Dataset excerpt ->

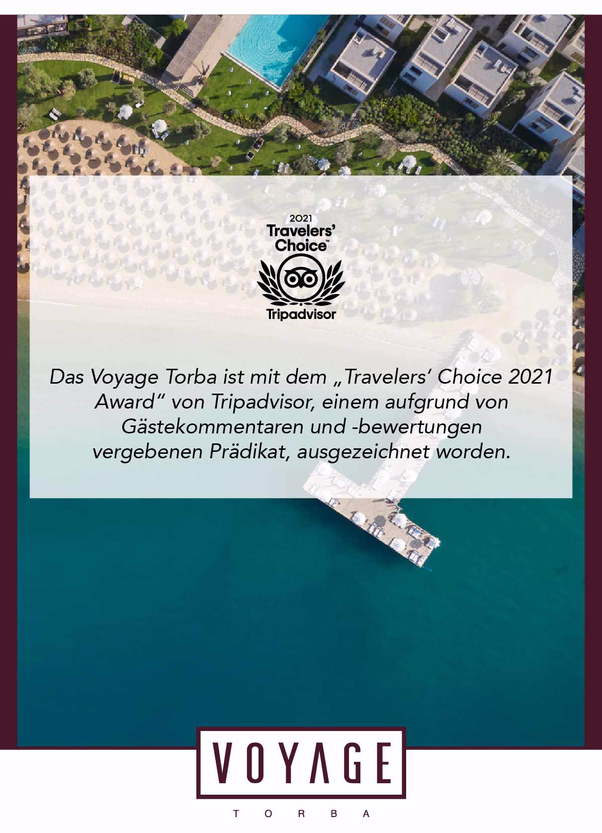 Das Voyage Torba ist mit dem „Travelers‘ Choice 2021 Award“ von Tripadvisor, einem aufgrund von Gästekommentaren und -bewertungen vergebenen Prädikat, ausgezeichnet worden.
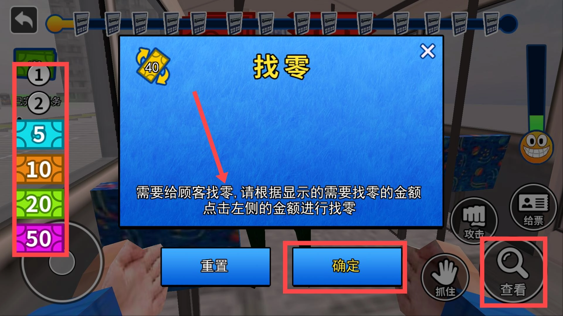 當(dāng)需要進(jìn)行找零操作時(shí),請(qǐng)依據(jù)具體金額在左側(cè)選擇對(duì)應(yīng)的紙幣,點(diǎn)擊確定按鈕即可完成找零流程,操作過(guò)程中可以利用查看功能來(lái)輔助完成。
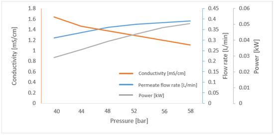 As is also shown in Figure 7, the conductivity, which is an indicator of the salinity, of the permeate water decreased with increasing applied pressure. Increasing applied pressure means increasing the consumed power, but also decreasing the amount of dissolved salts in the permeate water. Furthermore, it can be noticed that the salinity of the retentate water increased with increasing pressure. Adding the salinity of the retentate water to the salinity of the permeate water, while taking into account the flow rate for both of them, will clearly be equal to 23.2 mS/cm, which is the conductivity of the raw water as it is shown.

Work order ->
Each line above gets copied exactly; leave the pictures out.

Exercise answer ->
 Das Voyage Torba ist mit dem „Travelers‘ Choice 2021 Award“ von Tripadvisor, einem aufgrund von Gästekommentaren und -bewertungen vergebenen Prädikat, ausgezeichnet worden.
 當(dāng)需要進(jìn)行找零操作時(shí),請(qǐng)依據(jù)具體金額在左側(cè)選擇對(duì)應(yīng)的紙幣,點(diǎn)擊確定按鈕即可完成找零流程,操作過(guò)程中可以利用查看功能來(lái)輔助完成。
 As is also shown in Figure 7, the conductivity, which is an indicator of the salinity, of the permeate water decreased with increasing applied pressure. Increasing applied pressure means increasing the consumed power, but also decreasing the amount of dissolved salts in the permeate water. Furthermore, it can be noticed that the salinity of the retentate water increased with increasing pressure. Adding the salinity of the retentate water to the salinity of the permeate water, while taking into account the flow rate for both of them, will clearly be equal to 23.2 mS/cm, which is the conductivity of the raw water as it is shown.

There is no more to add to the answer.